Hi @Anonymous413,
It sounds like you’ve been carrying around a lot of heavy emotions, and I want to acknowledge how hard that must be. I hear you when you say it feels like people aren’t listening or that their silence makes you feel useless—and I can only imagine how isolating that must feel. You’ve been putting yourself out there, trying to connect with others, and when it feels like no one is responding, it’s easy to start thinking that you’re unimportant. But I want you to know, from the start, that you are not unimportant. What you’re feeling matters, and it deserves to be heard.
The way you’ve described your thoughts makes me wonder if you’ve been feeling like you’re unseen or unheard, and that can be an incredibly painful experience. It sounds like, deep down, you’re being someone who feels unimportant, as though your voice and your presence don’t matter as much as they should. But let’s pause here for a moment—because I want to acknowledge that you are reaching out, and that tells me that there’s a part of you that knows you’re worth being heard.
When you talk about your friends seeming to lose interest, it’s easy to internalize that as a reflection of who you are. But I want you to ask yourself: Is that really true? Or is it possible that their silence is more about them, and less about you? Sometimes, people get caught up in their own lives and don’t realize the impact of their actions, but that doesn’t mean you’re any less valuable or worthy of attention.
I know you mentioned that your mind keeps coming up with “proof” that you’re useless or that you’ll never amount to anything, but those thoughts are not a reflection of who you are. They are reflections of how you’re feeling in this moment, and it’s important to make space for those feelings without letting them define your entire self-worth. You’re more than the thoughts that tell you otherwise.
Right now, you’re being someone who feels trapped in their thoughts, and that’s okay. Those thoughts are loud, but that doesn’t mean they’re true. It’s human to feel overwhelmed by our thoughts sometimes, especially when we’re feeling isolated. But remember that just because your mind tells you something doesn’t mean it’s the reality of who you are.
I want to honor your need to feel heard. It’s a fundamental part of being human to want someone to listen when we’re struggling. You’ve been carrying the weight of your emotions on your own, and that’s not something you should have to do alone. There’s no shame in wanting someone to stay with you when you’re feeling miserable in your own skin. That’s not weakness or being “too fragile”—that’s being human. And being human means having needs, including the need for connection and validation.
If it’s been hard to approach people, even your school counselors, that’s okay. Sometimes, when we’re feeling vulnerable, it can feel safer to pull back and protect ourselves from more rejection. But I want to encourage you to think about ways you can start small. You don’t have to open up everything at once. Maybe there’s one person you trust, or even just a way to express yourself through journaling, writing, or other creative outlets.

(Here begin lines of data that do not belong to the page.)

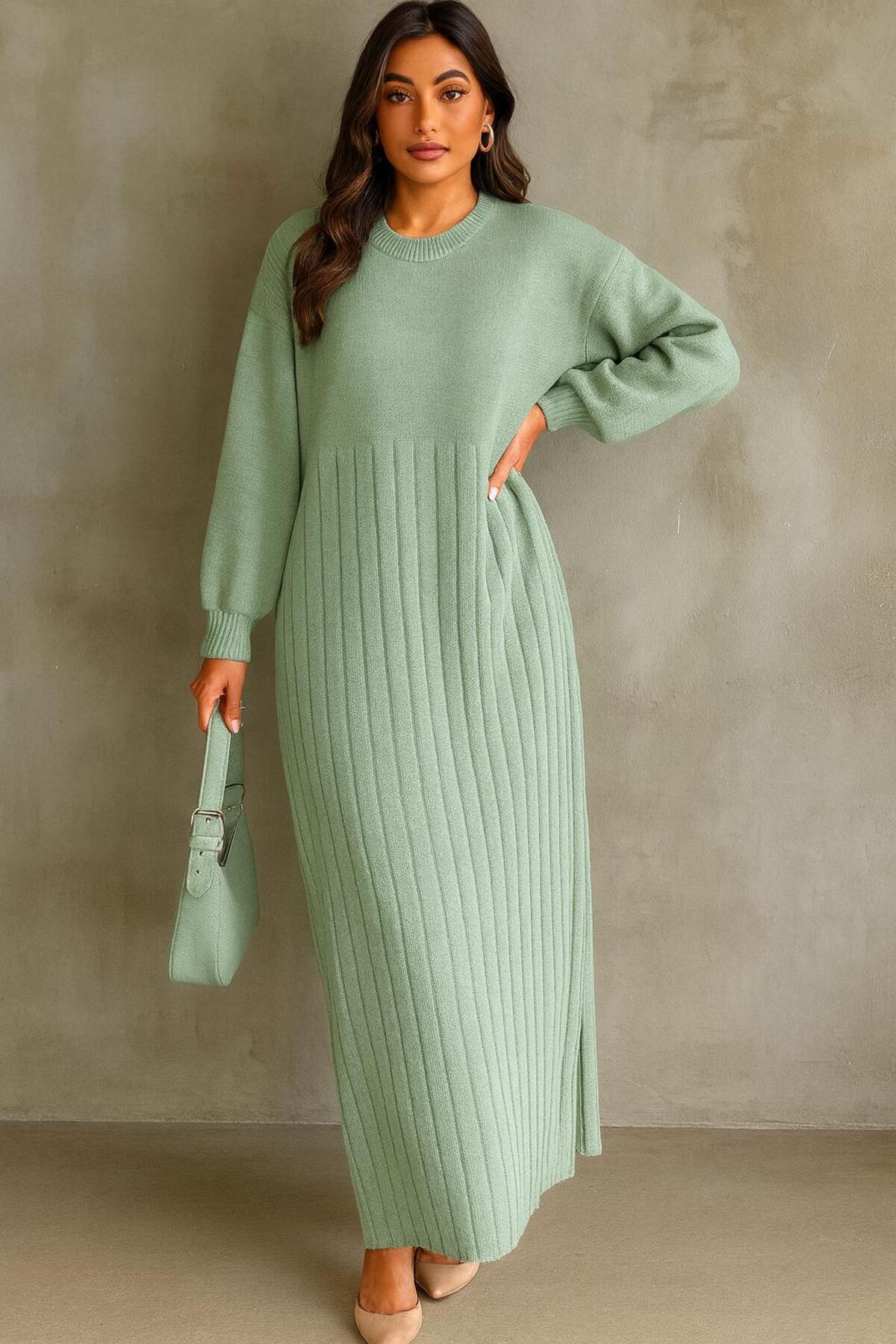 AXXAN kadın triko elbise etek kısmı piliseli uzun elbise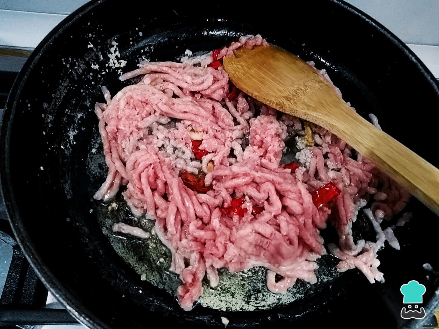 Agrega la pulpa de tomate y cocina 3 minutos más a fuego medio. Condimenta con sal, azúcar, ají, pimienta negra, ajo picado y, por último, el vino tinto. Baja el fuego y deja cocinar lentamente para conseguir una salsa de carne guisada deliciosa.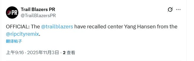 北京時間11月3日,開拓者官方宣佈召回楊瀚森,根據(jù)此前報道,他將隨隊參加明日對湖人的比賽。隊記Mike Richman在播客上談到瞭楊瀚森的話題。他指出開拓者下放瀚森到發(fā)展聯(lián)盟,有可能隻是訓(xùn)練而不參加比賽,隨後他分析瞭其中的原因。以下是Richman播客關(guān)於瀚森的內(nèi)容——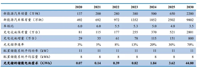 2020-2030國內光儲充一體化儲能需求測算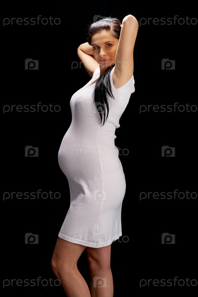 Беременная девушка в белом платье на черном фоне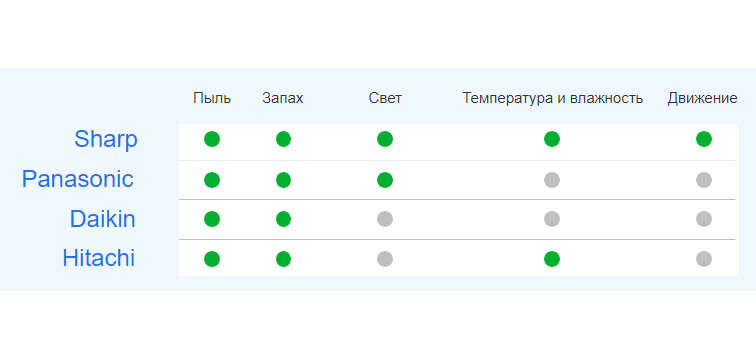 Еще одним важным показателем для японских климатических комплексов является наличие датчиков. Мы собрали информацию в единую таблицу, чтобы наглядно представить данную информацию и сравнить.
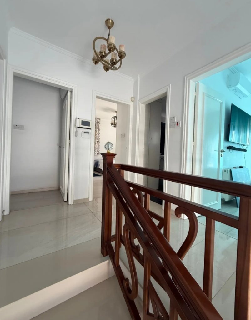 The property features four spacious bedrooms, five bathrooms plus a guest toilet, two fully equipped kitchens, and separate living and dining areas arranged across different levels, creating flexibility for both family living and entertaining.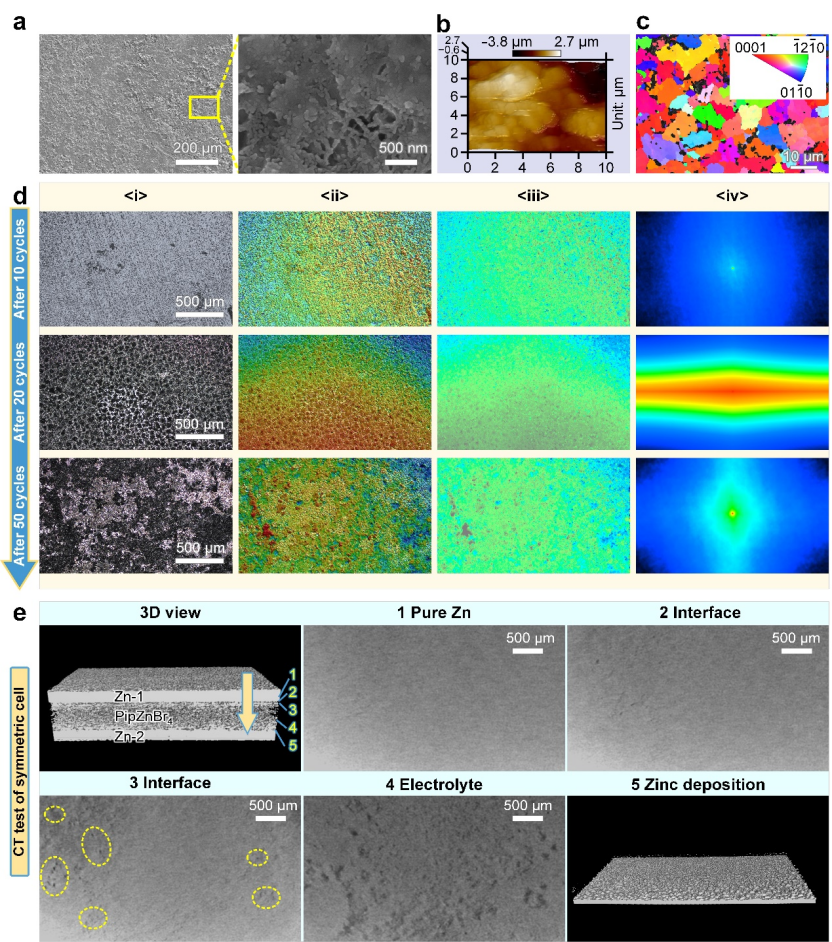 除此之外,这种电解质还能解决锌枝晶的关键难题。通过多尺度表征证实,PipZnBr4电解质可诱导锌均匀致密沉积。SEM、AFM与CLSM显示,循环后锌呈球形多晶形貌,表面粗糙度低(20次循环后仅0.9μm),且随循环趋于平整;EBSD表明,晶粒取向随机,从根本上有效抑制枝晶生长。CT无损成像显示,锌和电解质界面紧密接触,无孔洞或穿透,不会出现接触不良的问题。XPS分析表明,电池循环过程中,界面原位形成有机外层/无机内层的稳定固态电解质界面(SEI),能促进锌离子均匀传输。XRD与XPS进一步验证电解质在循环中结构稳定,元素环境变化微弱,整体展现出优异的界面兼容性与沉积可逆性。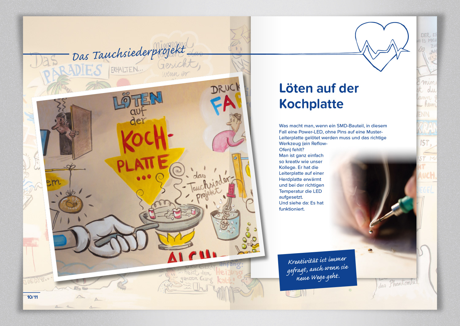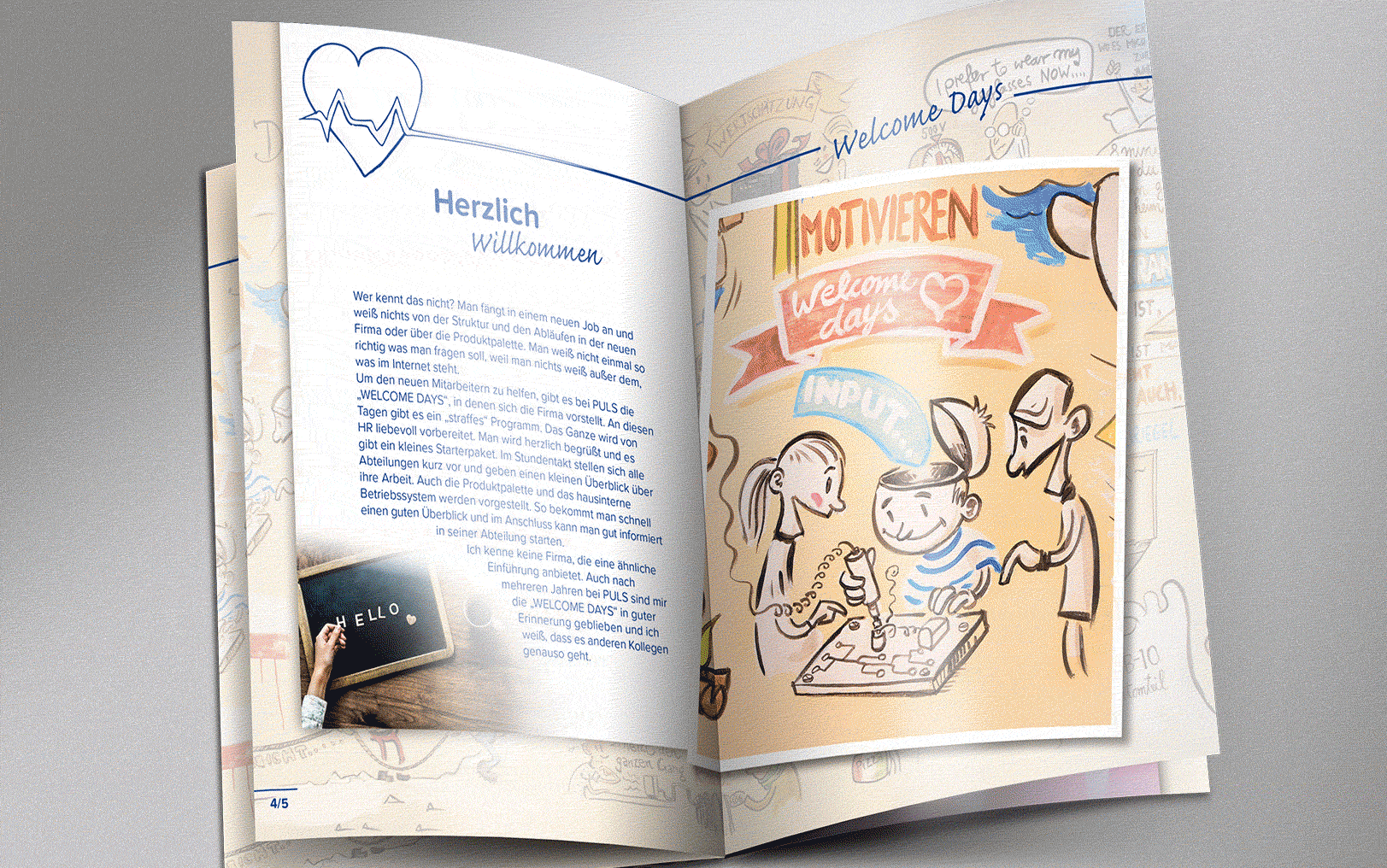 Auf Basis der vor Ort entstandenen Wandillustration von Matthias Süß und realer Fotografien entwickelten wir das PULS-Geschichtenbuch – ein einzigartiges Konzept, das Illustration und Realität miteinander verbindet. Der umlaufende Umschlag mit dem kompletten Wandmotiv und die hochwertige Banderole verleihen dem Buch eine besondere Wertigkeit.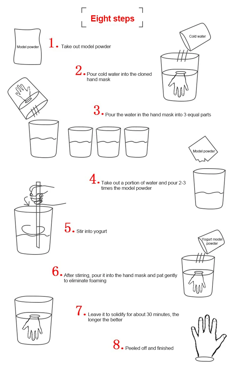 Изготовление форм: формовочный материал имеет холодную квалификацию, нетоксичный и не аллергенный. До тех пор, пока руки погружены в формовочный гель, раскачивание не является проблемой. Время установки составляет около 6 минут, включая время смешивания.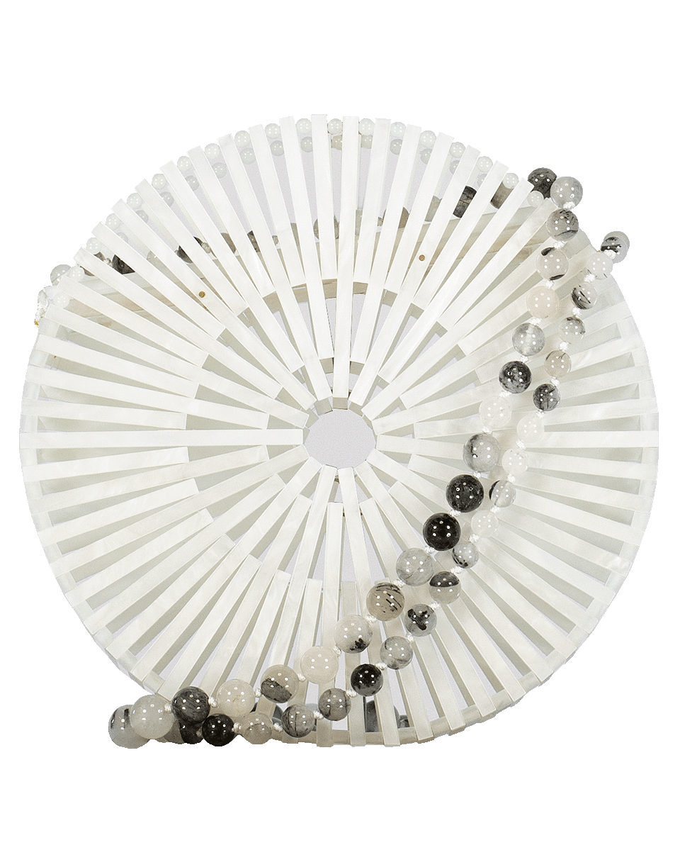 Round acrylic crossbody bag by Cult Gaia. This unlined crossbody bag features a round silhouette with cutouts and a detachable beaded strap made of stones.

And in those moments where your thoughts are telling you that you’re unimportant, ask yourself: What is the truth? The truth is that you deserve to be heard, and you deserve to feel valued, even when others don’t respond the way you need. Their silence doesn’t make you unimportant—it just means they might not realize how much you’re going through.
Right now, you’re being someone who feels invisible, but I want to remind you that you’re so much more than that. You’re taking the courageous step of reaching out, and that shows your strength, even when it feels like you’re drowning in self-doubt. Keep taking small steps, and remember, your worth isn’t defined by how others respond to you.
You are important, and your voice deserves to be heard.
Take care, and keep reaching out when you’re ready.